§ EXERCISE DATA
────────────────────────────────────────

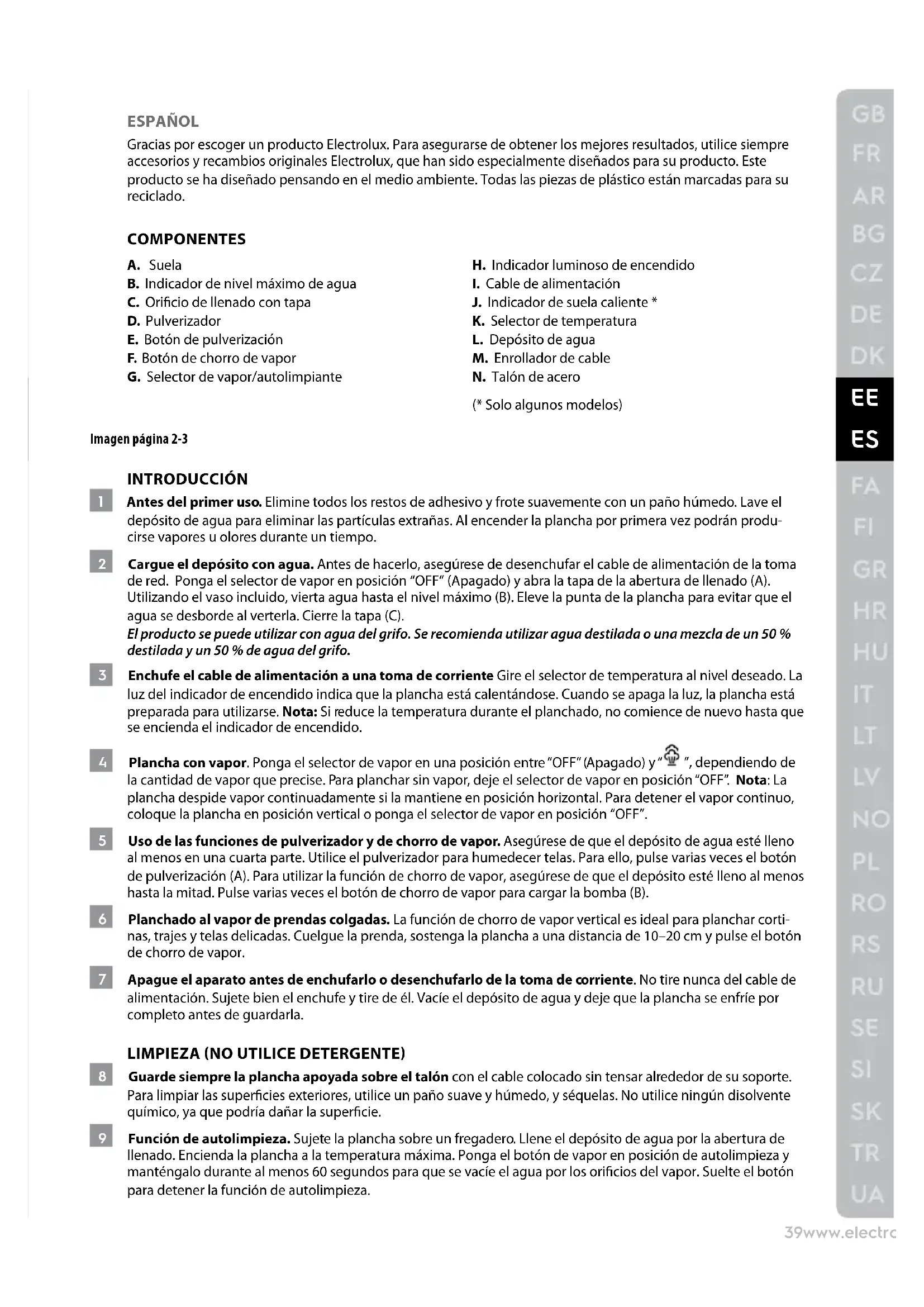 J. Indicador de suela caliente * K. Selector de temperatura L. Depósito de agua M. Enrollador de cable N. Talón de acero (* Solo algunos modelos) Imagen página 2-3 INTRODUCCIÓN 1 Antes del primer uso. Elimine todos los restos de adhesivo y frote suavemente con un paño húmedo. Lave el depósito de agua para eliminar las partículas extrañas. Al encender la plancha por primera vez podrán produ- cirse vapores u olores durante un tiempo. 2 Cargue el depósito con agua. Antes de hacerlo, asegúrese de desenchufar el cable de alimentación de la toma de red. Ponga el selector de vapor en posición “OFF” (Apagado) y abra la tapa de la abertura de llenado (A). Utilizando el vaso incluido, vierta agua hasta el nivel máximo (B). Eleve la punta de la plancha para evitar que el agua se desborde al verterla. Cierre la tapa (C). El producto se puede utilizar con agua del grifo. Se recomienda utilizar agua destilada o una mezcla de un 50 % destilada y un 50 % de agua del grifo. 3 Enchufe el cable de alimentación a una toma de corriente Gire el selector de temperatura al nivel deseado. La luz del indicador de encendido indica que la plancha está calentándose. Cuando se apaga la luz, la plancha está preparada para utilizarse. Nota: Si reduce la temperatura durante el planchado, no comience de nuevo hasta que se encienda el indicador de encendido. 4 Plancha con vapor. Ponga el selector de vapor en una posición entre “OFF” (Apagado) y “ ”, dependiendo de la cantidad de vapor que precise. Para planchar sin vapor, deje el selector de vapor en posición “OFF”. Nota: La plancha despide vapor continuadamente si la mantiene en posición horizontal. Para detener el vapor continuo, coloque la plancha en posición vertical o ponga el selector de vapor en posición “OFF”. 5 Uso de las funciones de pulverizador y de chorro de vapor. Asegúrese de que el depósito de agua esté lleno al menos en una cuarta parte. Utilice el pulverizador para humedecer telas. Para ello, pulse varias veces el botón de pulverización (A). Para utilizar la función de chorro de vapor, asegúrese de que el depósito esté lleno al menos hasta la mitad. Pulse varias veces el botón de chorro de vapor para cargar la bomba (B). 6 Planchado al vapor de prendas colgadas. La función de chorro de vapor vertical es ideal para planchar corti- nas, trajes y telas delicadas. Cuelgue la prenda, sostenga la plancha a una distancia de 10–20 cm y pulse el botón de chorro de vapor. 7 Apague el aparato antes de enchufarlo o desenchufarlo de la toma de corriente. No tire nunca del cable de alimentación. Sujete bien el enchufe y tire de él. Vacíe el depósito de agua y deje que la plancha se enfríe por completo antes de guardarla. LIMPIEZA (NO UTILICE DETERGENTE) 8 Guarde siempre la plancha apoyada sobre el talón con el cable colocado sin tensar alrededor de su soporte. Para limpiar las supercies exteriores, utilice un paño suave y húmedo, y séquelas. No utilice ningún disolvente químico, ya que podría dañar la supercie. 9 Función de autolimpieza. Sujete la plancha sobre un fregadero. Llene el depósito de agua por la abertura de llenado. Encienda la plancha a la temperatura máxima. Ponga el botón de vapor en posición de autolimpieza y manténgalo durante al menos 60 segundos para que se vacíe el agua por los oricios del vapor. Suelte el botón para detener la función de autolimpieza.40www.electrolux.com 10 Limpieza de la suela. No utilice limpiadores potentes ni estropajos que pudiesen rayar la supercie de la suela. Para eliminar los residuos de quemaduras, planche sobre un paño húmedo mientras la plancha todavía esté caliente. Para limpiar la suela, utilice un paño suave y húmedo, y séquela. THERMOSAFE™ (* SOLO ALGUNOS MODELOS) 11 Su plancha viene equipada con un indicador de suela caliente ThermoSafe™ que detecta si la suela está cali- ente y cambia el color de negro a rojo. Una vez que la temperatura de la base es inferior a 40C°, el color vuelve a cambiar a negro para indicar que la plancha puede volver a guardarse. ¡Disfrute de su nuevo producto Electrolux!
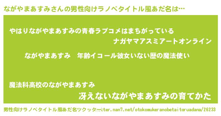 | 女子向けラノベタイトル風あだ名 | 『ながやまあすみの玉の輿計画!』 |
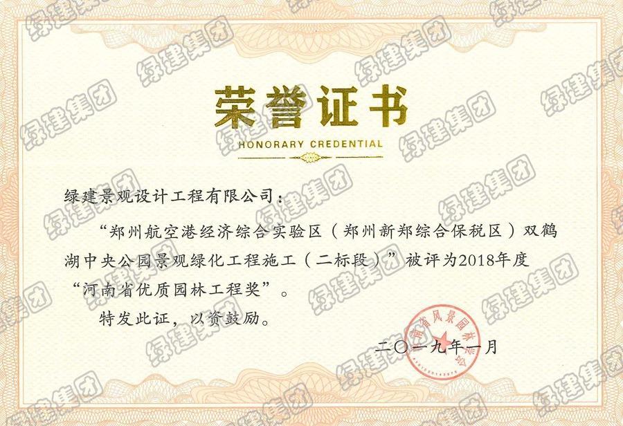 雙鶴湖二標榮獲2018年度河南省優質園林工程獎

────────────────────────────────────────

§ EXERCISE GOAL
Output, exactly and without pictures, the span of lines that starts at the line containing "女子向けラノベタイトル風あだ名 | 『ながやまあすみの玉の輿計画!』 |" and ends at the last line above.

§ YOUR SOLUTION
 | 女子向けラノベタイトル風あだ名 | 『ながやまあすみの玉の輿計画!』 |
 雙鶴湖二標榮獲2018年度河南省優質園林工程獎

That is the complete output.